Water under the earth’s crust! But how did she get there?

Pamela Henriquez Meteorite Chile 6 minutes
The layers of the earth extend from the core to the surface. Three general groups are distinguished according to their composition: the geosphere, the hydrosphere and the atmosphere. Each layer accumulates a higher temperature as it approaches the core due to the increase in pressure.

When we refer to the interior of the earth, we find that we know very little about what is going on there. But new technologies have made it possible to learn more about specific areas by describing their composition and dynamics.

Nevertheless, some doubts remain especially the presence of water under the earth’s crust. Some stories say they exist. For example, in Jules Verne’s 1864 novel Journey to the Center of the Earth there was talk of inland seas, but it wasn’t until 2014 that the first scientific study showed evidence of the presence of water at a depth of 500 km.

The study by experts from the United States, Italy and Germany, published in an article in the journal Nature Geoscience, provides new evidence for the existence of significant amounts of water between the upper and lower mantle – at depths of about 410 and 660 km.

“The study confirms something that was only theory for a long time, namely that Ocean water accompanies subduction losses and therefore enters the transition zone.

“The water cycle of our planet thus includes the interior of the earth”, explains the Institute for Geosciences at the Goethe University in Frankfurt, to which three of the study participants belong.

negative pressure at depth

Between the upper mantle and the lower mantle of the earth is the so-called transition zone (TZ). The pressure can reach 23 million millibars, resulting in a change in the crystal structure of the olive-green mineral that makes up about 70% of the Earth’s upper mantle.

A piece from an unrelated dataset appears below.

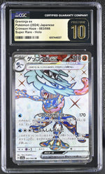 Whether you're a seasoned collector or a budding enthusiast, this Greninja ex card from the Crimson Haze Super Rare - Holo set is an exceptional piece that will undoubtedly elevate your collection. Its perfect grading and super rare status make it an irresistible treasure, a testament to the exhilarating world of Pokemon. Don't miss the opportunity to own this remarkable piece of Pokemon history.

At the upper limit of the TZ, at a depth of 410 kilometers, it becomes a denser mineral, wadsleyite, and at 520 kilometers it becomes another mineral, ringwoodite, even denser than the first. “Mineral alterations make it very difficult for rocks to move through the mantle”, explains Professor Frank Brenker from the Institute for Geosciences.

It was not previously known what long-term effects the suction of materials in the transition zone will have on its geochemical composition and whether increased water volumes are present. Professor Brenker thinks that subduction losses also transport deep-sea sediments into the earth’s interior.

“These sediments can contain large amounts of water and CO2. However, until now it was unclear how much water enters the transition zone in the form of hydrated minerals and more stable carbonates. and therefore it was not known whether large amounts of water were actually stored there”.

Analysis of a found diamond

The authors analyze a Botswana diamond formed at a depth of 660 kilometers between the transition zone and the lower mantle, where ringwoodite is the predominant mineral.

Analysis revealed that the stone contains numerous inclusions of ringwoodite, which have a high water content. In addition, the chemical composition of the stone could be determined.

Jules Verne’s idea of ​​an ocean inside the earth is far from reality. At depth there would be no actual ocean but an area of ​​hydrated rock.

Brenker comments: “In this study We have shown that the transition zone is not a dry sponge but contains significant amounts of water. It also brings us closer to Jules Verne’s idea of ​​an ocean inside the earth. The difference is that there is actually no ocean at depth, but hydrated rock”, explains Professor Brenker.

Diamond with inclusions or internal water formations. Images from Nature Geoscience.

Hydrated ringwoodite was first discovered in a transition zone diamond in 2014; Brenker also took part in this study. However, The exact chemical composition of the stone could not be determined because it was too small.